> _Aim of the task_: Although the entries hold pictures, only their words are printed back, exactly as given.

Source data: Begin

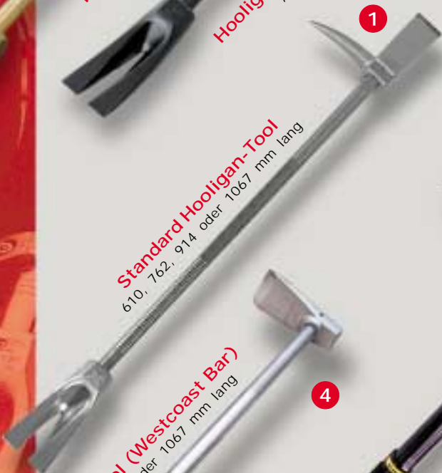
Standard Hooligan-Tool 610, 762, 914 oder 1067 mm lang
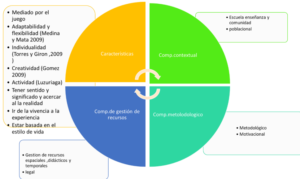
Figura 2 Características y componentes de la unidad didáctica basada en el juego

La unidad didáctica aplicada es una estructura funcional en el área de la actividad física como medio efectivo para el aprendizaje, así el eje lúdico central de la unidad didáctica permite el progreso de la adherencia en programas ejecutados por esta rama del conocimiento, estructuradas sobre la planeación, ejecución y evaluación de estructuras pedagógicas que optan por el juego como medio central de aprendizaje constituyéndose esto como la primera característica esencial, que permite individualizar y contextualizar la unidad didáctica aplicada en el área de la educación física dentro de instituciones educativas del orden distrital como el colegio Tomas Rueda Vargas. Dicha característica se destaca como eje articulador y mediador del proceso de enseñanza aprendizaje de los estudiantes durante el proyecto de jornada única instaurado en el colegio en donde ya se permite realizar 3 horas de actividad física a la semana.
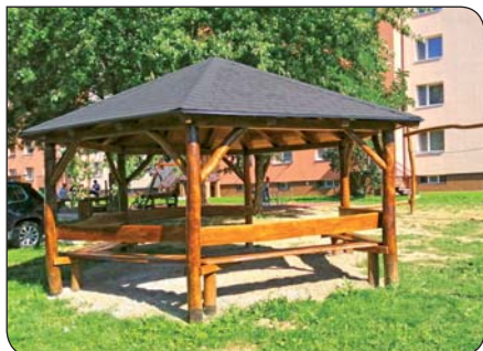
4 | Darček mesta pre deti V meste pribudlo detské ihrisko - Rodinka
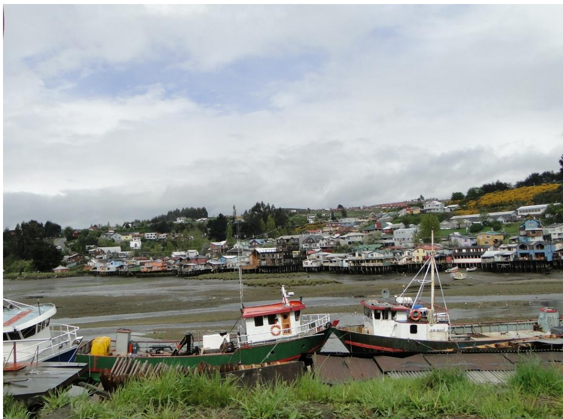
Fig. 5. Palafitos de Ancud (sector Gamboa) en la Isla de Chiloé. Fotografía de la autora (2014).

La expresión máxima de esta singular escuela la veremos en las iglesias de la Isla y su archipiélago, espacio en el que se desarrollaran las llamadas misiones circulares iniciadas por los jesuitas en el siglo XVI y continuadas por los franciscanos tras la expulsión de estos últimos en 1767. En estos viajes a través del mar se llevaba la Palabra y se iban levantando iglesias a modo de faros, las que daban cuenta de la presencia de estas pequeñas comunidades y su particular desarrollo cultural, el que apreciamos en las formas del lenguaje, la música, fiestas y costumbres.
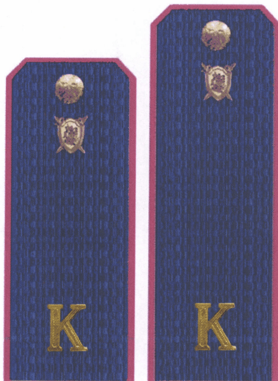
Эскиз № 4».
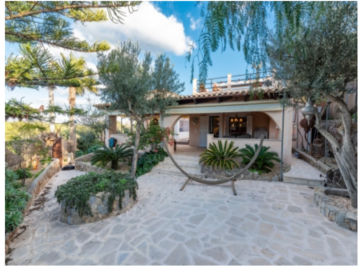
Blick auf das charmante Haupthaus
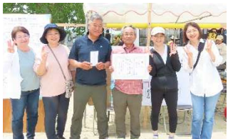
第3位 東貝塚チーム
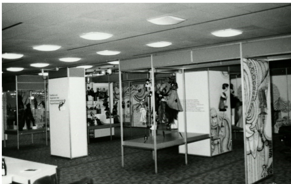
Obr. 16: Výstava Tradice a současnost čs. loutkového divadla v Berlině z roku 1976

MLK v Chrudimi, Fotografie, Inv. č. FOT 4155
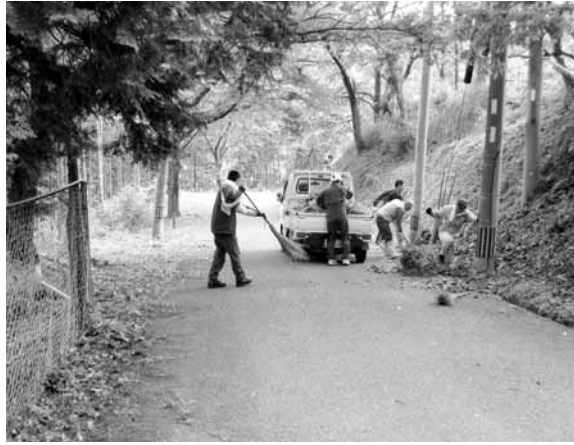
▲自衛隊によるボランティア清掃の様子
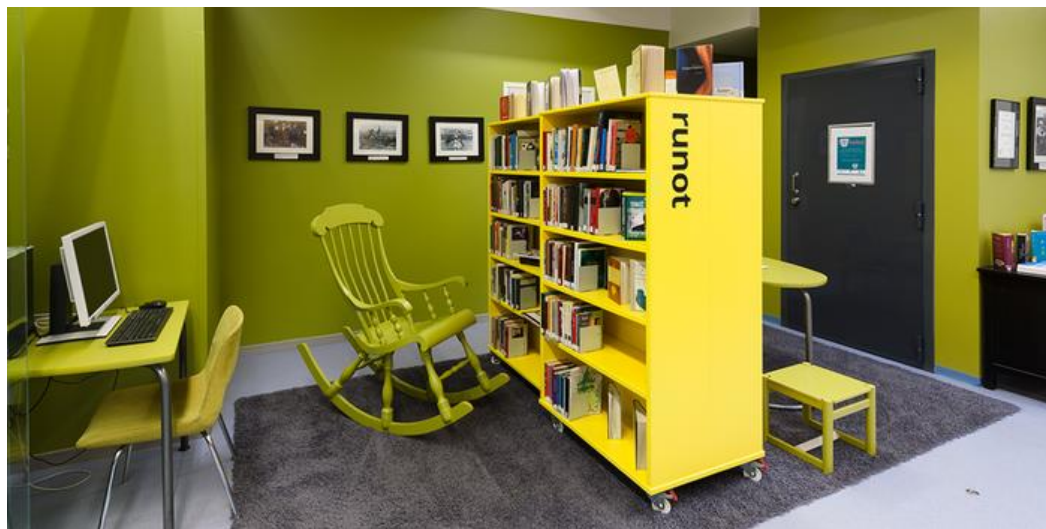
ชั้นหนังสือติดล้อที่ห้องสมุดฮาคุนิลา (Hakunila Library)

ห้องสมุดฮาคุนิลา (Hakunila Library) สาขาหนึ่งของห้องสมุดเมืองวันตา จัดทำแบบสอบถามให้ผู้ใช้บริการแสดงความคิดเห็นเกี่ยวกับการปรับปรุงห้องสมุดและการพัฒนาการให้บริการ พบหลายประเด็นที่น่าสนใจเช่น ผู้ใช้อยากให้ห้องสมุดเป็นศูนย์บริการสารสนเทศ เป็นศูนย์กลางทางด้านวัฒนธรรมท้องถิ่น และเป็นพื้นที่พบปะแลกเปลี่ยนพูดคุยที่เป็นกันเอง ในกลุ่มวัยรุ่นแสดงออกชัดเจนว่าต้องการพื้นที่ที่เป็นส่วนตัวแยกออกจากกลุ่มเด็ก อยากแสดงออกแบบที่มีลักษณะเฉพาะตัว เช่น การขีดเขียนวาดภาพบนผนังหรือกราฟฟิตี (graffiti) การเล่นเกมคอนโซล ส่วนกลุ่มผู้ใหญ่ต้องการที่นั่งแบบผ่อนคลายเป็นพิเศษและมีมุมเฉพาะ นอกจากนี้ยังสะท้อนว่าการจัดหมวดหนังสือด้วยระบบเลขหมู่ตัวอักษรทำให้หาหนังสือยาก
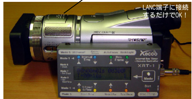
LANC端子に接続するだけでOK!
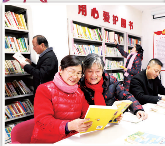
上图 1月20日，江西省宜春市新昌镇桂花社区群众在农家书屋看书。春节期间，农家书屋将成为人们享受“文化大餐”的好去处。
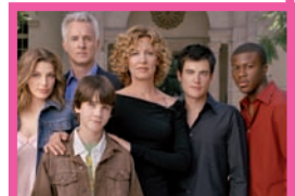
Jack & Bobby
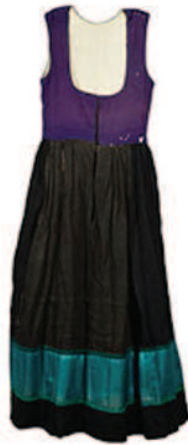
Haljina (EM, inv. broj 42056)

Source data: End

> _Exercise response_:
Standard Hooligan-Tool 610, 762, 914 oder 1067 mm lang
Figura 2 Características y componentes de la unidad didáctica basada en el juego

La unidad didáctica aplicada es una estructura funcional en el área de la actividad física como medio efectivo para el aprendizaje, así el eje lúdico central de la unidad didáctica permite el progreso de la adherencia en programas ejecutados por esta rama del conocimiento, estructuradas sobre la planeación, ejecución y evaluación de estructuras pedagógicas que optan por el juego como medio central de aprendizaje constituyéndose esto como la primera característica esencial, que permite individualizar y contextualizar la unidad didáctica aplicada en el área de la educación física dentro de instituciones educativas del orden distrital como el colegio Tomas Rueda Vargas. Dicha característica se destaca como eje articulador y mediador del proceso de enseñanza aprendizaje de los estudiantes durante el proyecto de jornada única instaurado en el colegio en donde ya se permite realizar 3 horas de actividad física a la semana.
4 | Darček mesta pre deti V meste pribudlo detské ihrisko - Rodinka
Fig. 5. Palafitos de Ancud (sector Gamboa) en la Isla de Chiloé. Fotografía de la autora (2014).

La expresión máxima de esta singular escuela la veremos en las iglesias de la Isla y su archipiélago, espacio en el que se desarrollaran las llamadas misiones circulares iniciadas por los jesuitas en el siglo XVI y continuadas por los franciscanos tras la expulsión de estos últimos en 1767. En estos viajes a través del mar se llevaba la Palabra y se iban levantando iglesias a modo de faros, las que daban cuenta de la presencia de estas pequeñas comunidades y su particular desarrollo cultural, el que apreciamos en las formas del lenguaje, la música, fiestas y costumbres.
Эскиз № 4».
Blick auf das charmante Haupthaus
第3位 東貝塚チーム
Obr. 16: Výstava Tradice a současnost čs. loutkového divadla v Berlině z roku 1976

MLK v Chrudimi, Fotografie, Inv. č. FOT 4155
▲自衛隊によるボランティア清掃の様子
ชั้นหนังสือติดล้อที่ห้องสมุดฮาคุนิลา (Hakunila Library)

ห้องสมุดฮาคุนิลา (Hakunila Library) สาขาหนึ่งของห้องสมุดเมืองวันตา จัดทำแบบสอบถามให้ผู้ใช้บริการแสดงความคิดเห็นเกี่ยวกับการปรับปรุงห้องสมุดและการพัฒนาการให้บริการ พบหลายประเด็นที่น่าสนใจเช่น ผู้ใช้อยากให้ห้องสมุดเป็นศูนย์บริการสารสนเทศ เป็นศูนย์กลางทางด้านวัฒนธรรมท้องถิ่น และเป็นพื้นที่พบปะแลกเปลี่ยนพูดคุยที่เป็นกันเอง ในกลุ่มวัยรุ่นแสดงออกชัดเจนว่าต้องการพื้นที่ที่เป็นส่วนตัวแยกออกจากกลุ่มเด็ก อยากแสดงออกแบบที่มีลักษณะเฉพาะตัว เช่น การขีดเขียนวาดภาพบนผนังหรือกราฟฟิตี (graffiti) การเล่นเกมคอนโซล ส่วนกลุ่มผู้ใหญ่ต้องการที่นั่งแบบผ่อนคลายเป็นพิเศษและมีมุมเฉพาะ นอกจากนี้ยังสะท้อนว่าการจัดหมวดหนังสือด้วยระบบเลขหมู่ตัวอักษรทำให้หาหนังสือยาก
LANC端子に接続するだけでOK!
上图 1月20日，江西省宜春市新昌镇桂花社区群众在农家书屋看书。春节期间，农家书屋将成为人们享受“文化大餐”的好去处。
Jack & Bobby
Haljina (EM, inv. broj 42056)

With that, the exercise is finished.